### [Aim of the task]
All that should be output is the block of lines below from the line with "みなさん、真剣にヒーリングを練習しています。。。" to the line with "Buffet de cuisine", both included, exactly as written.

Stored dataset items
-=-=-
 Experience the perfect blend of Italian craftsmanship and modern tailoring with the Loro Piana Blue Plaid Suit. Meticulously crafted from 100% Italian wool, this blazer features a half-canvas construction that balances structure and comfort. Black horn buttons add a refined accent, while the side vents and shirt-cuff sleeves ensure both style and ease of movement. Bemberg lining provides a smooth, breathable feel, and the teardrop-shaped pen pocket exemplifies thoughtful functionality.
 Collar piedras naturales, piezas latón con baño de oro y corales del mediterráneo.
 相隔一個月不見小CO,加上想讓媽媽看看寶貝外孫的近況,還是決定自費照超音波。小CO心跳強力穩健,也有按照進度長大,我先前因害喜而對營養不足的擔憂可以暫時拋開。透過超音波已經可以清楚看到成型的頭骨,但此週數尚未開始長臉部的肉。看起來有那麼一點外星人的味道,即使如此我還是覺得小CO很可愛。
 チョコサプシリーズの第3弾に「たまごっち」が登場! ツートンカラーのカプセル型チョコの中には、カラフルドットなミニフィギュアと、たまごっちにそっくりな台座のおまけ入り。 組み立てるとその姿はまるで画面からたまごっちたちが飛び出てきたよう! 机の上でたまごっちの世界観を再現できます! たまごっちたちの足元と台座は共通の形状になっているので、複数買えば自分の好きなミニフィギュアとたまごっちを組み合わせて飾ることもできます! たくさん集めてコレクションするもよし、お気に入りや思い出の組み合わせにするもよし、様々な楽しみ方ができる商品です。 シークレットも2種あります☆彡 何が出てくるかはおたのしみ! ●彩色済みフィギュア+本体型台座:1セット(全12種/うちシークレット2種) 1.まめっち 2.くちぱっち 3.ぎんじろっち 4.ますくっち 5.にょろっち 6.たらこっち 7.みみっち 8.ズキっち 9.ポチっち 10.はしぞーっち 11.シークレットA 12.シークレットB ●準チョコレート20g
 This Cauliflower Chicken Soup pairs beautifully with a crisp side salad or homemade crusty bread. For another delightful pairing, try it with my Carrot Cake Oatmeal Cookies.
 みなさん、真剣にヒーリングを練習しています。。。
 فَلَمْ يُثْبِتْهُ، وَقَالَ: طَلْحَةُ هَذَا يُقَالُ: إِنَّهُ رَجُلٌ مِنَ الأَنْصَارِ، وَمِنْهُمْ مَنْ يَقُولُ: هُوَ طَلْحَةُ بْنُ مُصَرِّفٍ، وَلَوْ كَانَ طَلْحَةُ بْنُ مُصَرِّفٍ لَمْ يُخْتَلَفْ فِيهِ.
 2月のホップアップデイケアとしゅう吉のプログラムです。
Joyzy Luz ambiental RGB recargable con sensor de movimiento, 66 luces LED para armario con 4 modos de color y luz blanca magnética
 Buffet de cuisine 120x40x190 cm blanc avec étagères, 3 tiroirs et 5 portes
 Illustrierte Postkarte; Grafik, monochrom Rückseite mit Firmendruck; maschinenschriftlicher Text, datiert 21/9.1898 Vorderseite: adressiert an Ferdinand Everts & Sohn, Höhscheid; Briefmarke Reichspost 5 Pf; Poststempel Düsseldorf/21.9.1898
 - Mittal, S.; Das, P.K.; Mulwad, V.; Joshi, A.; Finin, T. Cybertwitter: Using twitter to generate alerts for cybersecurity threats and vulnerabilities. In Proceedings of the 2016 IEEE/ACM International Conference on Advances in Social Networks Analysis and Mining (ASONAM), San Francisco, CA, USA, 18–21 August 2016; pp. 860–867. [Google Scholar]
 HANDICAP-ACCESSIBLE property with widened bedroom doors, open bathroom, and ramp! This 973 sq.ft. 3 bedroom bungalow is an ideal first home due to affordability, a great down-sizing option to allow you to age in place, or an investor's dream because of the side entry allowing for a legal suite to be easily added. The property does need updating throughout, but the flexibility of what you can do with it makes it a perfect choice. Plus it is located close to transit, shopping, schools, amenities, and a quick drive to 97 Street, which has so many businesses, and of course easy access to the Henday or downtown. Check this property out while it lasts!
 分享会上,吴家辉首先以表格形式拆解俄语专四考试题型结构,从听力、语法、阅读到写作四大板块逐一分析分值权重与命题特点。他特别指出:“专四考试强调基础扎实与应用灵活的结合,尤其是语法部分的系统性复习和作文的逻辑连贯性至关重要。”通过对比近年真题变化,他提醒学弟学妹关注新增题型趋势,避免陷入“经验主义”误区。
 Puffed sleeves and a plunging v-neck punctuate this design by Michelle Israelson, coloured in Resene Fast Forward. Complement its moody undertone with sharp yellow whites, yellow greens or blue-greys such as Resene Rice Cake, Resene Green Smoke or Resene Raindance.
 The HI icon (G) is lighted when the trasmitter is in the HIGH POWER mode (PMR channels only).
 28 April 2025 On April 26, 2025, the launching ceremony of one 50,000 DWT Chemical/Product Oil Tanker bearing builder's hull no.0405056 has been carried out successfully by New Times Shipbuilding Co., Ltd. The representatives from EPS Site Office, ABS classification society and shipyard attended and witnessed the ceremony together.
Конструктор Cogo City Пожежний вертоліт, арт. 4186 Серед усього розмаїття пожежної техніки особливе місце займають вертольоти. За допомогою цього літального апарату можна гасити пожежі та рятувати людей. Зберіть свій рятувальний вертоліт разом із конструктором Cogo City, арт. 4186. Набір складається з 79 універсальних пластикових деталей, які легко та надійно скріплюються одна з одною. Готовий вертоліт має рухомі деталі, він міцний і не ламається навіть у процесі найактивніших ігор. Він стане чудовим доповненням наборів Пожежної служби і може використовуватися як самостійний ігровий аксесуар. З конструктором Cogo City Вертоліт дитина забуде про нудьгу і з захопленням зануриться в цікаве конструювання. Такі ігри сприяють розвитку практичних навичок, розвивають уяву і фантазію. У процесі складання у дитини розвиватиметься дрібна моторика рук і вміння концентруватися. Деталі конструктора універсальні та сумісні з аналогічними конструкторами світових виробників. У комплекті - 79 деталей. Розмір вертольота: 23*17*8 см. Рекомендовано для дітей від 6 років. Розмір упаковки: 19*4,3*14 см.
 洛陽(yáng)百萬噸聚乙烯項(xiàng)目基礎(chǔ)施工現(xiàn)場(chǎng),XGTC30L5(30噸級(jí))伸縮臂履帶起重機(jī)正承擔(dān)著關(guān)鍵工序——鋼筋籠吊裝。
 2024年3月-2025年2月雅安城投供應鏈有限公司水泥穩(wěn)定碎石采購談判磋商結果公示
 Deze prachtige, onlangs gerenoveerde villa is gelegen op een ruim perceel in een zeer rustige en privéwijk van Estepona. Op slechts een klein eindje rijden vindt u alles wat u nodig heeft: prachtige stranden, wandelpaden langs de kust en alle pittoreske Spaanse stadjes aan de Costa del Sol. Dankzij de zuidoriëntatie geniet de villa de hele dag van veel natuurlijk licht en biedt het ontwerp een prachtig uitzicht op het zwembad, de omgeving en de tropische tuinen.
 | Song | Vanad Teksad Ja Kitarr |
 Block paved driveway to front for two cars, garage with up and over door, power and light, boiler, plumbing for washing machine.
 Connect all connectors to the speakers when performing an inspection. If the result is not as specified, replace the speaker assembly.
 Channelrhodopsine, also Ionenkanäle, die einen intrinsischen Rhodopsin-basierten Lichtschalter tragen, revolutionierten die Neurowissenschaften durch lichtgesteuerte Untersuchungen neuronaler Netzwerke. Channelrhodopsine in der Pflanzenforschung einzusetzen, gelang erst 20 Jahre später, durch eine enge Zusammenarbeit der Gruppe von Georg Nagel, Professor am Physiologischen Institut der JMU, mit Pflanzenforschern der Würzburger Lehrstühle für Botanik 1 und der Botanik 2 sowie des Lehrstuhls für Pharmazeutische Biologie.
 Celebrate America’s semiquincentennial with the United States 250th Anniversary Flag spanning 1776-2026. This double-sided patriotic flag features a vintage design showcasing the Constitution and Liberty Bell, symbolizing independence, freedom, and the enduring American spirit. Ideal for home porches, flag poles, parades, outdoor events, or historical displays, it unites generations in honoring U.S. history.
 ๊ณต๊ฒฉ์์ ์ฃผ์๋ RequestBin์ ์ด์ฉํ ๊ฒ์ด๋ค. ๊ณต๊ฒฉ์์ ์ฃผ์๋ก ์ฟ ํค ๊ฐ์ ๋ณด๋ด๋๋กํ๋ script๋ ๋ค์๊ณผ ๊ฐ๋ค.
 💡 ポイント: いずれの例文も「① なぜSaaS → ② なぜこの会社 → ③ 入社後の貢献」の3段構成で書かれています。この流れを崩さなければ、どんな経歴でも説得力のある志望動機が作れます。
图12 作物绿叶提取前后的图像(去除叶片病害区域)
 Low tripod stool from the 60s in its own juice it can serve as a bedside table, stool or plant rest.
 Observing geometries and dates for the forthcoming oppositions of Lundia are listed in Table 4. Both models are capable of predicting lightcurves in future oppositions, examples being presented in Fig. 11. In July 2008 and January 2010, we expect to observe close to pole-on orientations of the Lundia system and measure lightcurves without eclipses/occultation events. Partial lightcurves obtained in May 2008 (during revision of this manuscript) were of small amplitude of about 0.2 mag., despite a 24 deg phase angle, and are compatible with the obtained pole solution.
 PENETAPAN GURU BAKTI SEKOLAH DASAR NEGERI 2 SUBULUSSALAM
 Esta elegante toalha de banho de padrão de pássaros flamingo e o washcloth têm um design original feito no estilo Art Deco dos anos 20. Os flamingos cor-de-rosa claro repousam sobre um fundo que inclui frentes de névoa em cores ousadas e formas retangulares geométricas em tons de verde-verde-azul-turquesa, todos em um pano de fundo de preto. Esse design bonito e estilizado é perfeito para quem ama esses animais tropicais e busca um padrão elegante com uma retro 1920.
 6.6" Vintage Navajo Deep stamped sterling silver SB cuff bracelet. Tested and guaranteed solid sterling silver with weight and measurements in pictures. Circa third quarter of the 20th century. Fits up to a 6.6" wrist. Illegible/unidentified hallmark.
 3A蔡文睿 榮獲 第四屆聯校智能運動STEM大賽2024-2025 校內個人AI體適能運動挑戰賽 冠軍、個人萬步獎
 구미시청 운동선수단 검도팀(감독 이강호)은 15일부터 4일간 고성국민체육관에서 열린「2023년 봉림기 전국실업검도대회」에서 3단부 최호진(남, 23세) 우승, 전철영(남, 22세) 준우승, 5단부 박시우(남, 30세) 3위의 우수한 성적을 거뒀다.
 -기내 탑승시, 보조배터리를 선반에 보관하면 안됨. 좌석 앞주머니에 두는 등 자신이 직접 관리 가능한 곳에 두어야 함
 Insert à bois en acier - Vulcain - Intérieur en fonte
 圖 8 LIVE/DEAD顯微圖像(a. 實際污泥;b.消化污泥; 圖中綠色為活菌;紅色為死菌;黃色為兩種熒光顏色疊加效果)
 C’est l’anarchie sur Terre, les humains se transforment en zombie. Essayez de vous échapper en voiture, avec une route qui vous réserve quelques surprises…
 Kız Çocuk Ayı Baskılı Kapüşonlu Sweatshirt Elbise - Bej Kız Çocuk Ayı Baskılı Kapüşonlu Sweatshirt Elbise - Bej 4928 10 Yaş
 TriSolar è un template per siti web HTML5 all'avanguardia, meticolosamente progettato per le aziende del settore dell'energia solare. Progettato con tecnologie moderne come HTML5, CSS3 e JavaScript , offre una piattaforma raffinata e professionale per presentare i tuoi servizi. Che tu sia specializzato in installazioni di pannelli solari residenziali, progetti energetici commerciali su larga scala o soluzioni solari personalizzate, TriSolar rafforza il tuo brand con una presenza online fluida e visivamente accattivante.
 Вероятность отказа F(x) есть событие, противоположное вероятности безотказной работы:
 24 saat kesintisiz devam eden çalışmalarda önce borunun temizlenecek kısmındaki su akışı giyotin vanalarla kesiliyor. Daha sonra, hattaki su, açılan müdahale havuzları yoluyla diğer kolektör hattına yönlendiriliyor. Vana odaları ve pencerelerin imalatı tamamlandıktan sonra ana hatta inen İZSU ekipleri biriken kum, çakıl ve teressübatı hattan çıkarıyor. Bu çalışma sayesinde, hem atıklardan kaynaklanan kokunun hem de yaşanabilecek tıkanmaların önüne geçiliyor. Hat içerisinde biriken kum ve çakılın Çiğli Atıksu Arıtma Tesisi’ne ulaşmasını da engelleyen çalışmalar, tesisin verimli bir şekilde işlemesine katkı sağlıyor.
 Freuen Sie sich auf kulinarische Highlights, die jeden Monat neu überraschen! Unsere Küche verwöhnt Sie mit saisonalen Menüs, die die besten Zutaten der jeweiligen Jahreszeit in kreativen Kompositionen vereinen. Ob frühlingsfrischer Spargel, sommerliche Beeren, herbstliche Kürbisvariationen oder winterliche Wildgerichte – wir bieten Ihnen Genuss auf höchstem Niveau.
-=-=-
### [Problem solution]
 みなさん、真剣にヒーリングを練習しています。。。
 فَلَمْ يُثْبِتْهُ، وَقَالَ: طَلْحَةُ هَذَا يُقَالُ: إِنَّهُ رَجُلٌ مِنَ الأَنْصَارِ، وَمِنْهُمْ مَنْ يَقُولُ: هُوَ طَلْحَةُ بْنُ مُصَرِّفٍ، وَلَوْ كَانَ طَلْحَةُ بْنُ مُصَرِّفٍ لَمْ يُخْتَلَفْ فِيهِ.
 2月のホップアップデイケアとしゅう吉のプログラムです。
Joyzy Luz ambiental RGB recargable con sensor de movimiento, 66 luces LED para armario con 4 modos de color y luz blanca magnética
 Buffet de cuisine 120x40x190 cm blanc avec étagères, 3 tiroirs et 5 portes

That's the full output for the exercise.